Travel Troubleshooter: No airline refund despite serious illness
- Article by: CHRISTOPHER ELLIOTT
- September 20, 2013 - 2:23 PM
Q: I have tickets on Aer Lingus to fly from Dublin to Paris. I was diagnosed with lung cancer a few weeks before we were due to leave.
I had no problem getting a refund for our transatlantic flight with United Airlines, but Aer Lingus was only willing to refund the taxes unless I could reschedule within 30 days. Given the situation, that was not possible. They said the tickets would still have been good until the end of April, which is when we bought them, but who can make a commitment at a time like this?
I have no idea what my situation will be in April or any time before. Not yet, anyway, and certainly not in the 30 days they were willing to give me. Thanks for anything you can accomplish.
A: Good for United for refunding your nonrefundable ticket. Aer Lingus should have done the same, but it didn’t have to.
You booked nonrefundable tickets with significant restrictions. An airline will tell you that you have the option of buying a more expensive ticket that can be refunded, but those tickets can cost twice as much as the nonrefundable variety. For most leisure travelers, that’s impractical (indeed, the tickets are meant for business travelers on an expense account).
Airlines sometimes waive their ticket restrictions, issuing refunds when a passenger dies or a close relative of a passenger dies, or when you’re in the military and your orders change. But again, they are not required to do that. A serious illness like lung cancer can be a reason for refunding a nonrefundable ticket.

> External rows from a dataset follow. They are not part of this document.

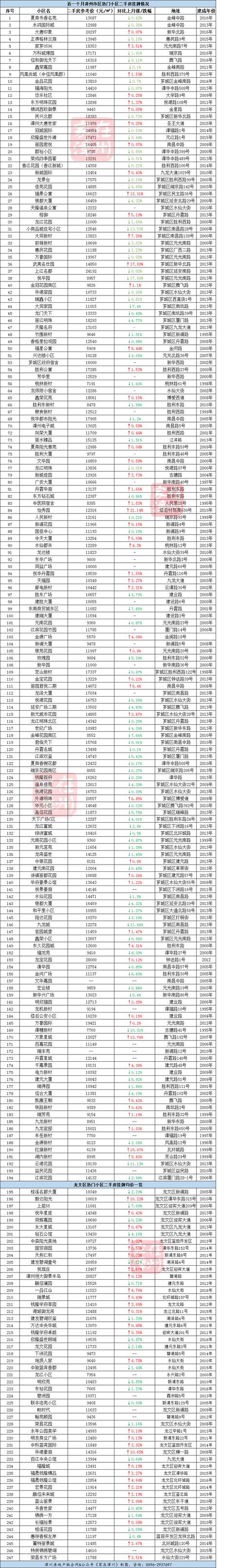 10月漳州各小區二手房房價是多少?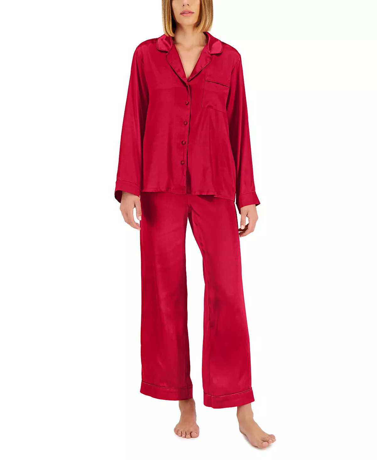 The leisurely ease of a classic style is uplifted by modern fabrications and polished piping trim in this pajama set from INC International Concepts®.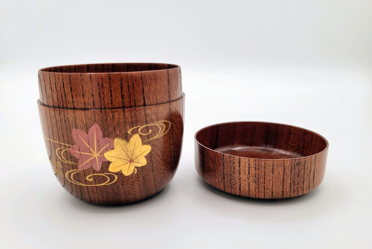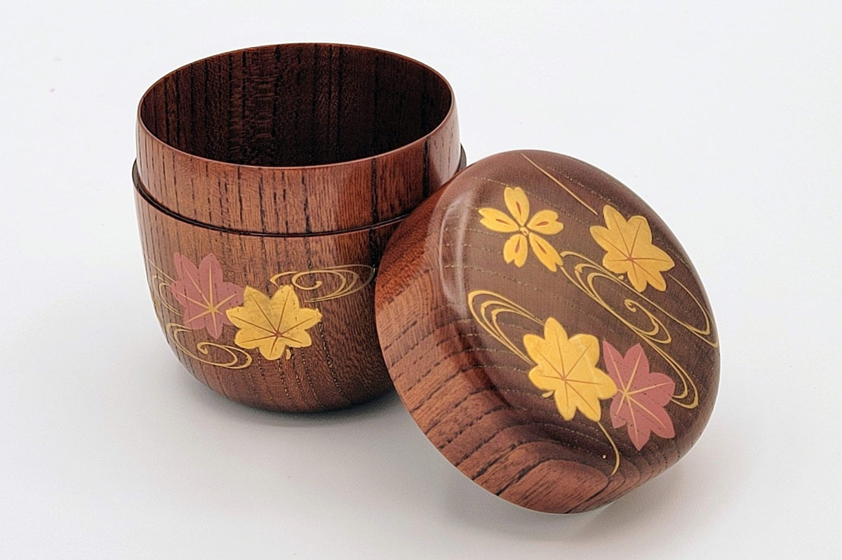 Het motief Tatsuta-gawa verwijst naar de rivier Tatsuta in Nara, een klassiek symbool van de Japanse herfst. In literatuur en kunst staat deze rivier voor vergankelijkheid (無常, mujō), vallende bladeren en het verstrijken van de seizoenen. De decoratie is uitgevoerd in maki-e: fijn poederwerk van goud en lak dat drijvende herfstbladeren afbeeldt op een stromende rivier. Deze poëtische voorstelling belichaamt de geest van wabi-sabi de schoonheid van eenvoud, stilte en tijd.

Incidentally, airlines let themselves off the hook from their agreements with passengers for all kinds of reasons, including bad weather or events “beyond their control.” They aren’t required to operate a flight on time, or at all, and the penalties — if any — are negligible. I don’t have a problem asking an airline to waive its rules when it has little problem waiving a rule for itself.
You tried to contact Aer Lingus by phone and in writing, but the airline wouldn’t budge. I sent you some higher-level contacts at the airline, but that didn’t work, either. The answer remained “no.” I contacted Aer Lingus on your behalf and asked it to review your request one more time. It did, and decided to issue a full refund.